■ Assignment:
Using only the entries below, copy exactly the lines that begin at the one with "PATIENT INFORMATION FOR" and end at the one with "Ну вот, теперь", both included. Drop the pictures.

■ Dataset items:
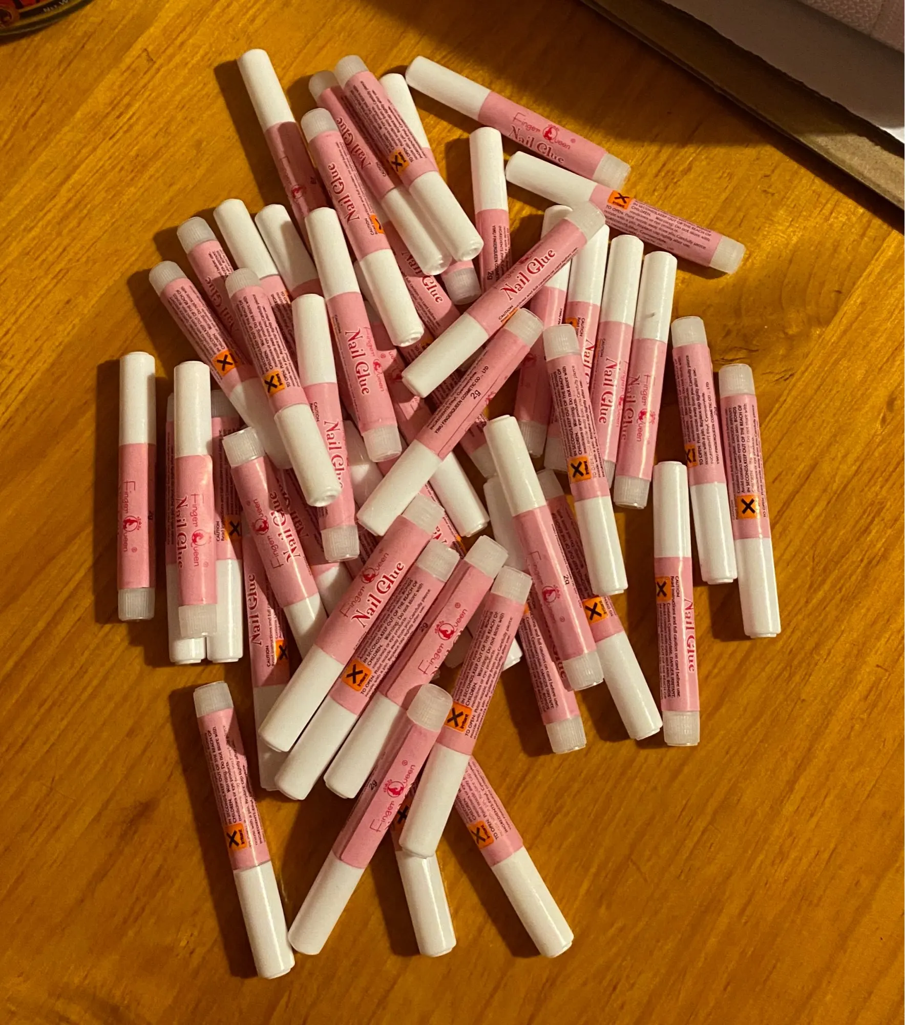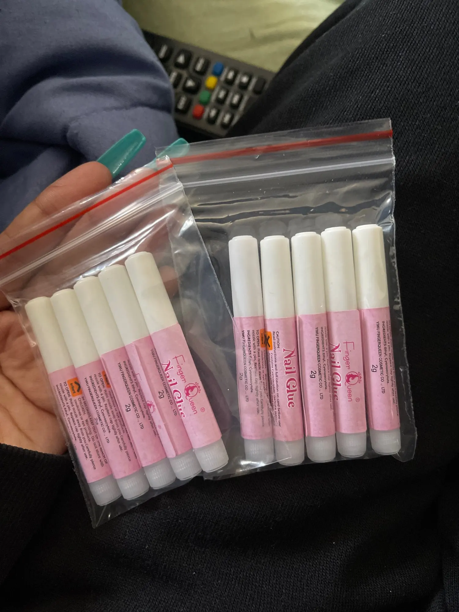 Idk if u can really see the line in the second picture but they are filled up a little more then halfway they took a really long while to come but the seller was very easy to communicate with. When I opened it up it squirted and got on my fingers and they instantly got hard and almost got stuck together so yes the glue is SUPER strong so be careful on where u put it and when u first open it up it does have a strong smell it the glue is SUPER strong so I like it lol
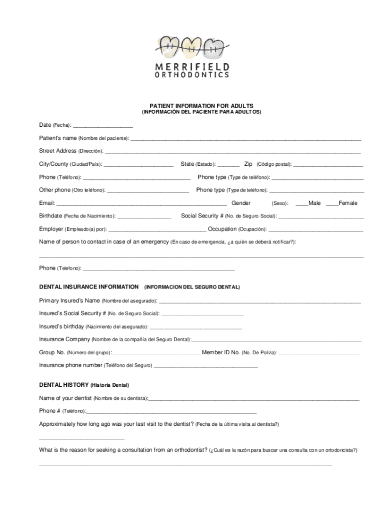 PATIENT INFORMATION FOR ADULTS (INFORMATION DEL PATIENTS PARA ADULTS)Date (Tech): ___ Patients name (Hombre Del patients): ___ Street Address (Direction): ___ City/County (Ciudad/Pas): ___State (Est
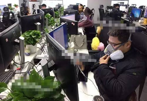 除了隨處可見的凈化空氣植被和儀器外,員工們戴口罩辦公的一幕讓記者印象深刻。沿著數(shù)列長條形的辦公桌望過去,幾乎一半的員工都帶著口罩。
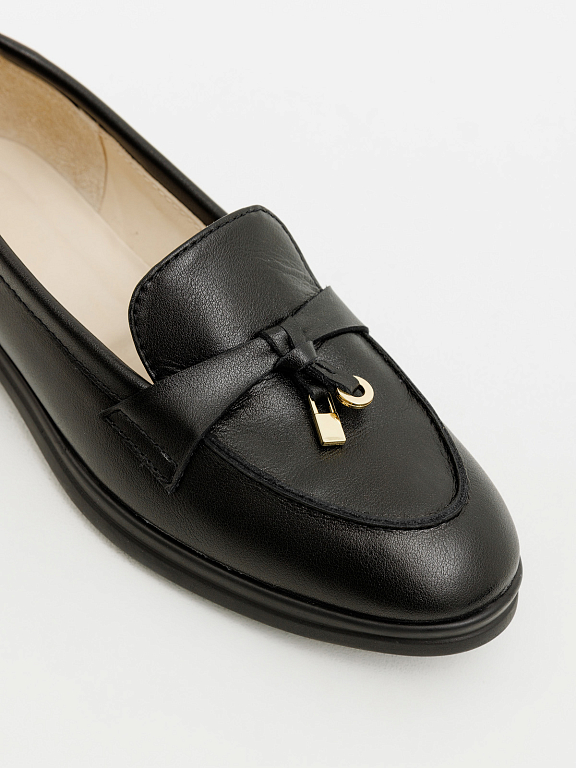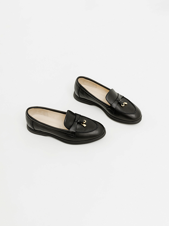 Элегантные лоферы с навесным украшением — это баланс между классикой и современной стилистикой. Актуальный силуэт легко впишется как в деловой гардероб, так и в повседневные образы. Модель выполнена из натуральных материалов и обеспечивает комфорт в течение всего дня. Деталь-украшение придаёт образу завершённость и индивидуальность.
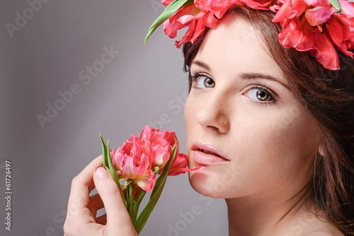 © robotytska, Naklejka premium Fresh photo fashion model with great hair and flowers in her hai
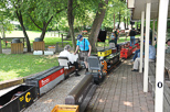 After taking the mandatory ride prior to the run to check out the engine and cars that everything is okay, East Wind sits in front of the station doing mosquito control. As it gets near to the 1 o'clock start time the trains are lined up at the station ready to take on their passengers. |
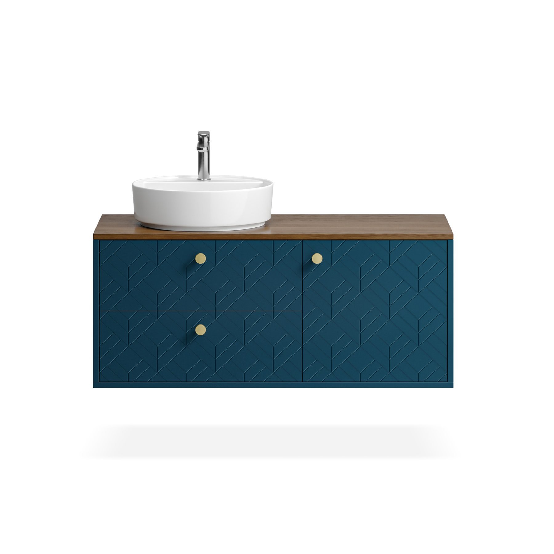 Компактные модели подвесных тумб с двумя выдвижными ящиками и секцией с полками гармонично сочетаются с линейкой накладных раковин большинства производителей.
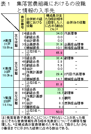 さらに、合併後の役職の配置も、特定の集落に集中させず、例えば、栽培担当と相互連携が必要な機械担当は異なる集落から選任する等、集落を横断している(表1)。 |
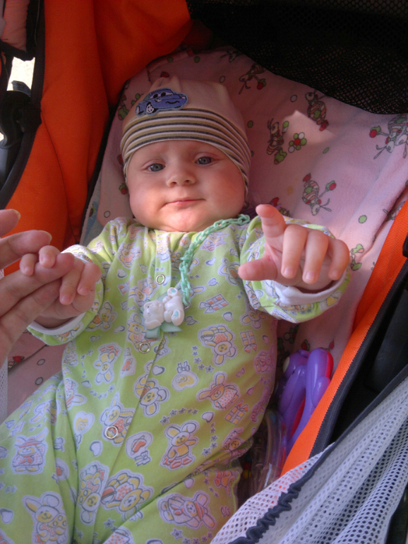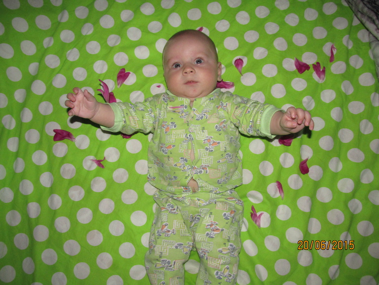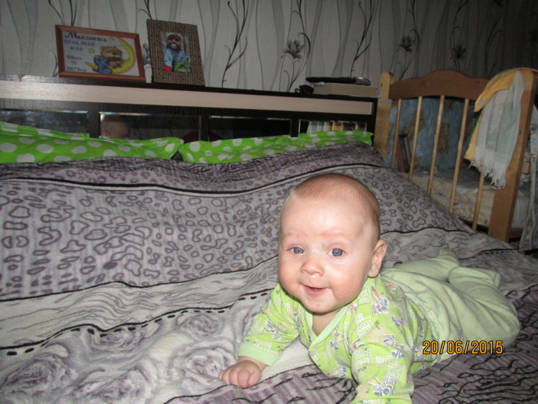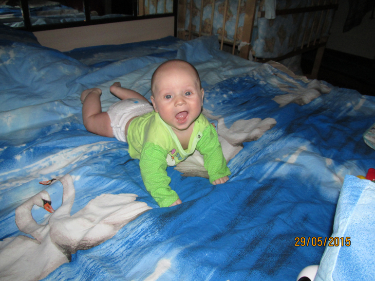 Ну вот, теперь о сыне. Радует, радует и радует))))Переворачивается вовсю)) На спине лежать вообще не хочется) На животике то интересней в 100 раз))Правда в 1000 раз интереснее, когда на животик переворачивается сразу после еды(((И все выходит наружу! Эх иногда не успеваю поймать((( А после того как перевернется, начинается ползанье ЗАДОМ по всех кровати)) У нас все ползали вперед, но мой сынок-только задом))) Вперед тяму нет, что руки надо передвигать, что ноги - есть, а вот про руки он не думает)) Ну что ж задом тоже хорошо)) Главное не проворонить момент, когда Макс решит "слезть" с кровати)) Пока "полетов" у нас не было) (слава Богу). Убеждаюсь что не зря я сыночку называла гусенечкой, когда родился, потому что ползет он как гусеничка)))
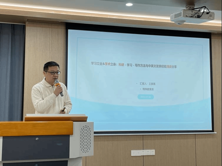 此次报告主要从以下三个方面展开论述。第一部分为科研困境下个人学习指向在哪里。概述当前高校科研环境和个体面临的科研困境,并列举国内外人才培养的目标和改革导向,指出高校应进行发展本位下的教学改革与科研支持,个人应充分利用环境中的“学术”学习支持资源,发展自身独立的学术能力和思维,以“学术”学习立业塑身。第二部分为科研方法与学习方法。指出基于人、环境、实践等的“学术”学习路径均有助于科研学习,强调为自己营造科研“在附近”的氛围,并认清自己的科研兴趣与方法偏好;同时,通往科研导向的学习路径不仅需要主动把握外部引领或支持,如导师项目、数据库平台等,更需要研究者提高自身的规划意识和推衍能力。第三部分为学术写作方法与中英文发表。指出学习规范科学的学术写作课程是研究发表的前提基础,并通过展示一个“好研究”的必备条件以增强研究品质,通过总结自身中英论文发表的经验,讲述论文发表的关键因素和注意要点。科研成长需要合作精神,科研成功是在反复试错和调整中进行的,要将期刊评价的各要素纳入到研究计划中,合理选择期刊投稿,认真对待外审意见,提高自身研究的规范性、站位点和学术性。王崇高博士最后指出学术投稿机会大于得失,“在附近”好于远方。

■ Answer area:
 PATIENT INFORMATION FOR ADULTS (INFORMATION DEL PATIENTS PARA ADULTS)Date (Tech): ___ Patients name (Hombre Del patients): ___ Street Address (Direction): ___ City/County (Ciudad/Pas): ___State (Est
 除了隨處可見的凈化空氣植被和儀器外,員工們戴口罩辦公的一幕讓記者印象深刻。沿著數(shù)列長條形的辦公桌望過去,幾乎一半的員工都帶著口罩。
 Элегантные лоферы с навесным украшением — это баланс между классикой и современной стилистикой. Актуальный силуэт легко впишется как в деловой гардероб, так и в повседневные образы. Модель выполнена из натуральных материалов и обеспечивает комфорт в течение всего дня. Деталь-украшение придаёт образу завершённость и индивидуальность.
 © robotytska, Naklejka premium Fresh photo fashion model with great hair and flowers in her hai
 After taking the mandatory ride prior to the run to check out the engine and cars that everything is okay, East Wind sits in front of the station doing mosquito control. As it gets near to the 1 o'clock start time the trains are lined up at the station ready to take on their passengers. |
 Компактные модели подвесных тумб с двумя выдвижными ящиками и секцией с полками гармонично сочетаются с линейкой накладных раковин большинства производителей.
 さらに、合併後の役職の配置も、特定の集落に集中させず、例えば、栽培担当と相互連携が必要な機械担当は異なる集落から選任する等、集落を横断している(表1)。 |
 Ну вот, теперь о сыне. Радует, радует и радует))))Переворачивается вовсю)) На спине лежать вообще не хочется) На животике то интересней в 100 раз))Правда в 1000 раз интереснее, когда на животик переворачивается сразу после еды(((И все выходит наружу! Эх иногда не успеваю поймать((( А после того как перевернется, начинается ползанье ЗАДОМ по всех кровати)) У нас все ползали вперед, но мой сынок-только задом))) Вперед тяму нет, что руки надо передвигать, что ноги - есть, а вот про руки он не думает)) Ну что ж задом тоже хорошо)) Главное не проворонить момент, когда Макс решит "слезть" с кровати)) Пока "полетов" у нас не было) (слава Богу). Убеждаюсь что не зря я сыночку называла гусенечкой, когда родился, потому что ползет он как гусеничка)))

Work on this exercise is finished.